I want to resolve the error I get when I try to use an Apache Iceberg table with AWS Glue.
Short description
You might get the following error message when you use an Apache Iceberg table with AWS Glue:
"Caused by: org.apache.iceberg.exceptions.CommitStateUnknownException: Number of TABLE_VERSION resources exceeds the account limit."
This error occurs because Glue creates a new table version when you change the table schema or any other table property.
When an API call updates a value in the Iceberg table, the API changes the value of the metadata_location parameter in the backend. The new value creates a new version of the table. Multiple existing versions of the table can generate an error. To resolve this error, delete earlier versions of the table.
Resolution
To clear earlier versions of the table, complete the following steps:
-
Use the GetTableVersions API to identify the earlier table versions for a given table.
-
Run the DeleteTableVersion or the BatchDeleteTableVersion API to delete the identified table versions.
-or-
Use the example script that appears below to delete earlier versions of all tables in a specific database.

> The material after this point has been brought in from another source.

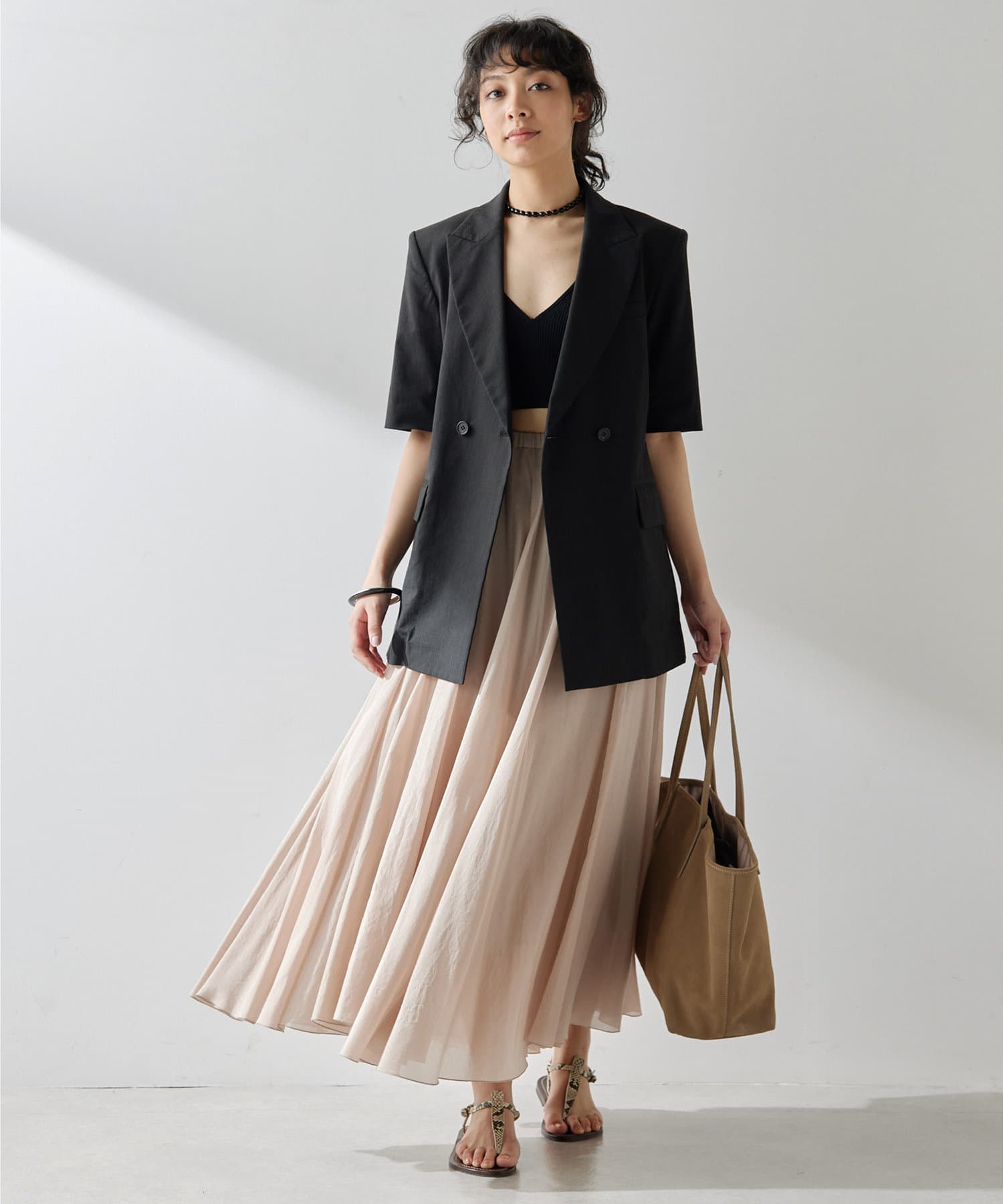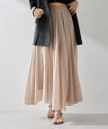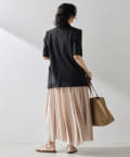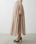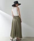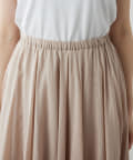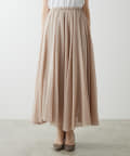 柔らかい素材で夏にピッタリのスカート。程よいプリーツが軽やかで、旅行などにもおすすめ。ウエストは絞れるような仕様なので、楽にはけますよ。

Note: Include the CatalogId and DatabaseName parameters to identify the name of the catalog and database that has the table versions.
import boto3
client = boto3.client('glue')
#Setting the required variables
CatalogId=your_account_number
DatabaseName=your_database_name
#Get the list of tables in a given database
table_database=client.get_tables(CatalogId=CatalogId,DatabaseName=DatabaseName)

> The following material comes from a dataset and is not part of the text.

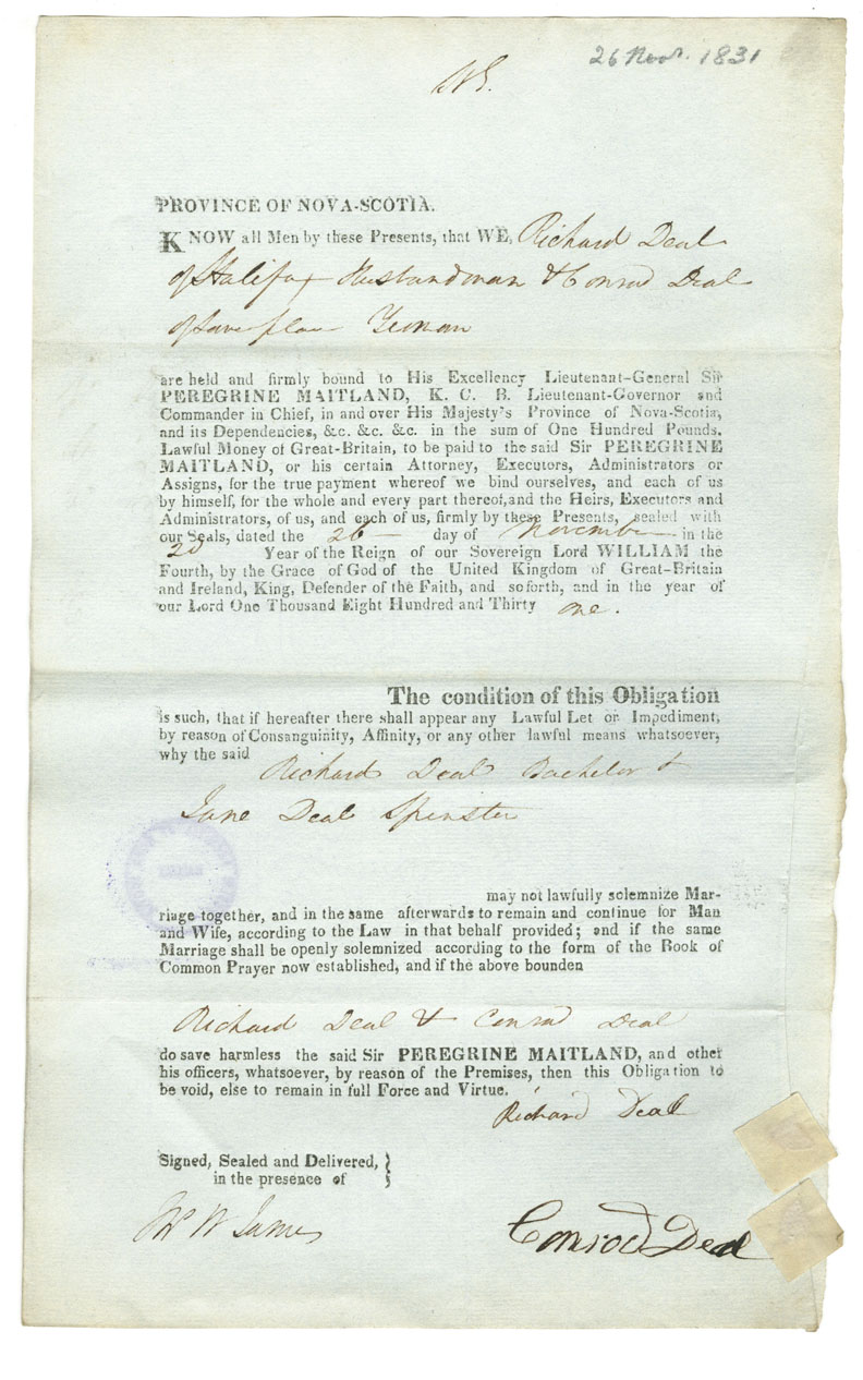 Note: signed by Conrod Deal, Halifax, husbandman

t_list=[table_database['TableList'][i]['Name'] for i in range(0,len(table_database['TableList']))]
for TableName in t_list:
print("Deletion started for " + TableName)

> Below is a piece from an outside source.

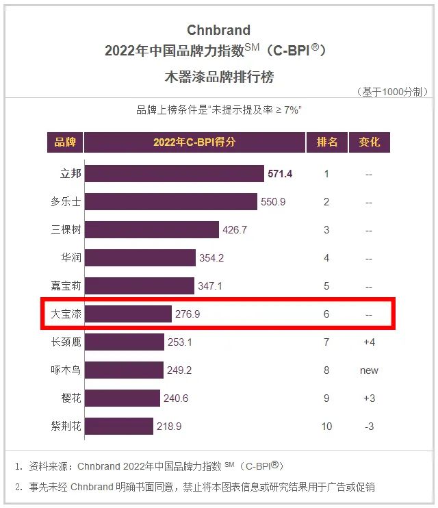 4月20日,品牌評級權(quán)威機構(gòu)Chnbrand發(fā)布2022年(第十二屆)中國品牌力指數(shù)SM(C-BPI®)品牌排名和分析報告,大寶漆再次憑借優(yōu)質(zhì)、環(huán)保的產(chǎn)品與深厚的研發(fā)實力和口碑上榜。

#Get the list of all available versions for a given table
paginator = client.get_table_versions(CatalogId=CatalogId,DatabaseName=DatabaseName,TableName= TableName)
v_list=[ paginator['TableVersions'][i]['VersionId'] for i in range(0,len(paginator['TableVersions']))]
print(v_list)
#Delete all older versions
delete_all_old_versions = client.batch_delete_table_version(CatalogId=CatalogId,DatabaseName=DatabaseName,TableName= TableName,VersionIds=v_list[1:])
#Validate the list of remaining list
paginator = client.get_table_versions(CatalogId=CatalogId,DatabaseName=DatabaseName,TableName= TableName)
v_list=[ paginator['TableVersions'][i]['VersionId'] for i in range(0,len(paginator['TableVersions']))]
print(v_list)
print("Deletion ended for " + TableName)
Note: Replace your_account_number with your AWS account number. Replace your_database_name with the name of your database.